> **THE TASK**:
Nothing but the lines from the one with "Inlaid Rhinestone Flowers" through the last line of the entries below should appear in the copy, please, and no pictures.

Top of DATA FOR THIS EXERCISE

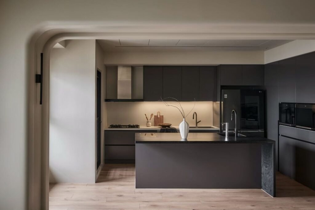 純淨的淺色調與圓潤線條勾勒著空間,設計師將業主對親子生活的願景轉化為細膩的空間語彙。本案巧妙運用開放式格局,讓家的溫度自然流動。量身訂製的中島檯面成為親子共創美味的歡樂舞台,而融入起居空間的臥榻區則是共享閱讀時光的溫暖角落。每個設計細節都傳遞著對孩子的關懷,讓這個家不只是遠離都市喧囂的庇護所,更是見證親子溫馨時刻的環境。
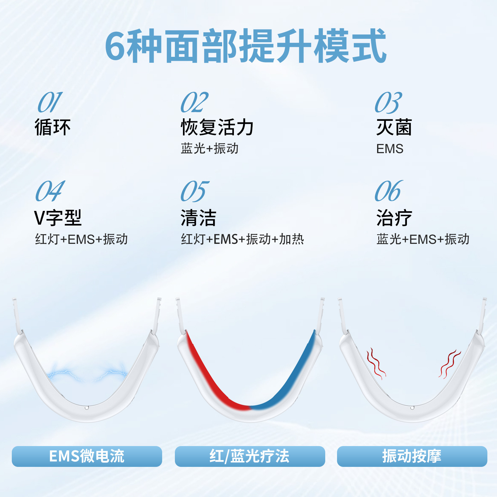 クロスボーダー爆発マイクロ電流痩せ顔器赤青彩光若肌美容器振動顔引き上げV顔痩せ顔器
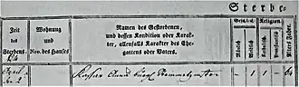 Anna Kassar (geborene Wagner) starb am 2. April 1821 mit 64 Jahren. Beruf (vom Ehemann): bürgerlicher Steinmetzmeister.
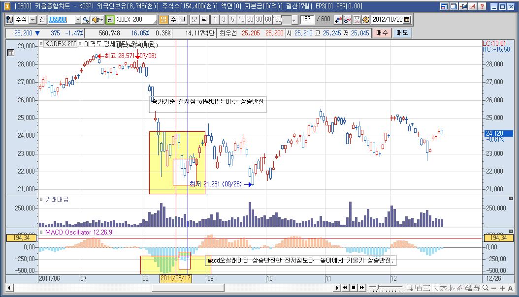 MACD오실래이터는 전저점보다 높이에서 한번더 하락이후 상승반전이 나오고,
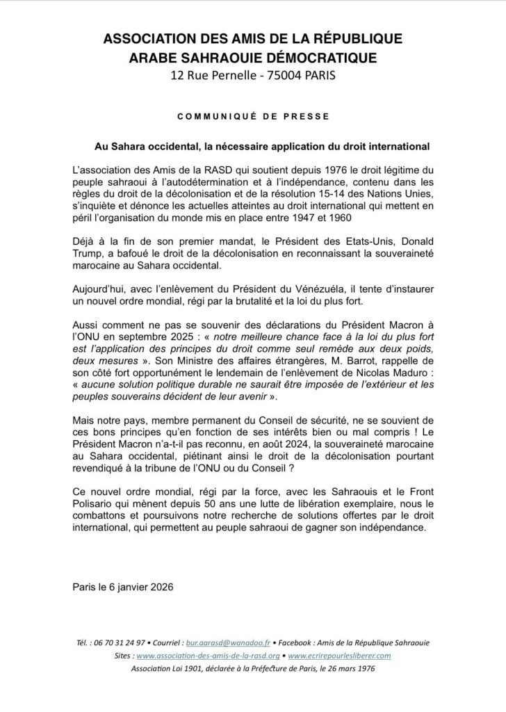 El comunicado interpela de manera explícita a Francia y a su presidente, Emmanuel Macron, recordando la contradicción entre los discursos pronunciados en Naciones Unidas en defensa del derecho internacional y el reconocimiento de la soberanía marroquí sobre el Sáhara Occidental en 2024. Frente a esta incoherencia, la asociación reafirma la vigencia del derecho del pueblo saharaui a la autodeterminación y sitúa su lucha, junto al Frente Polisario, como una resistencia prolongada y legítima frente a un nuevo orden internacional basado en la fuerza y no en el derecho.
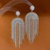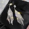 Inlaid Rhinestone Flowers Long Tassel Women Earrings Temperament Silver Needle Exaggerated Zircon Drop Earrings Sparkle Jewelry
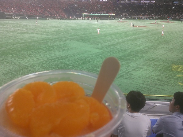 両チーム応援団は「トレイントレイン」と「銀河鉄道999」ばかりで少しは地域色を出してほしいところ、東日本は楽天イーグルスのチャンステーマを二曲ぱくっていました。西日本は特に工夫もなし。応援コンクールでは東日本が仙台七夕に新幹線の模型みたいなの出してきて、これも同じようなものになるのではないかと心配したが、西日本はみんな集まってきてただ「宮嶋さんの神主が~」を歌って終わりになっていました。たいへんシンプルでよろしい。外野の客は明確に「今日のカープはかっちかち、かっちかち」と歌ってたので、みんなあれをカープの応援歌だと思っているのかも知れません。
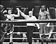 Геннадия ГОЛОВКИНА (на снимке слева), выступающего в среднем весе (76 кг)!На вечере бокса в Крефельде (Германия) в поединке, рассчитанном на 10 раундов, наш боксер нокаутировал своего соперника из США Энтони ГРИНИДЖА уже в пятом. Первоначально оппонентом Головкина в этом бою должен был быть другой американец - Тарвис СИММС, однако за несколько дней до боя он неожиданно отказался и был заменен на Гриниджа. На предварительном взвешивании этот файтер оказался тяжелее Геннадия на 800 граммов, но это не помешало казахстанцу уже в первом раунде дважды отправить соперника в нокдаун, а в пятом праздновать “чистую” победу, которая у нашего земляка - 16-я подряд.

Bottom of DATA FOR THIS EXERCISE

> **ANSWER FOR THIS EXERCISE**:
 Inlaid Rhinestone Flowers Long Tassel Women Earrings Temperament Silver Needle Exaggerated Zircon Drop Earrings Sparkle Jewelry
 両チーム応援団は「トレイントレイン」と「銀河鉄道999」ばかりで少しは地域色を出してほしいところ、東日本は楽天イーグルスのチャンステーマを二曲ぱくっていました。西日本は特に工夫もなし。応援コンクールでは東日本が仙台七夕に新幹線の模型みたいなの出してきて、これも同じようなものになるのではないかと心配したが、西日本はみんな集まってきてただ「宮嶋さんの神主が~」を歌って終わりになっていました。たいへんシンプルでよろしい。外野の客は明確に「今日のカープはかっちかち、かっちかち」と歌ってたので、みんなあれをカープの応援歌だと思っているのかも知れません。
 Геннадия ГОЛОВКИНА (на снимке слева), выступающего в среднем весе (76 кг)!На вечере бокса в Крефельде (Германия) в поединке, рассчитанном на 10 раундов, наш боксер нокаутировал своего соперника из США Энтони ГРИНИДЖА уже в пятом. Первоначально оппонентом Головкина в этом бою должен был быть другой американец - Тарвис СИММС, однако за несколько дней до боя он неожиданно отказался и был заменен на Гриниджа. На предварительном взвешивании этот файтер оказался тяжелее Геннадия на 800 граммов, но это не помешало казахстанцу уже в первом раунде дважды отправить соперника в нокдаун, а в пятом праздновать “чистую” победу, которая у нашего земляка - 16-я подряд.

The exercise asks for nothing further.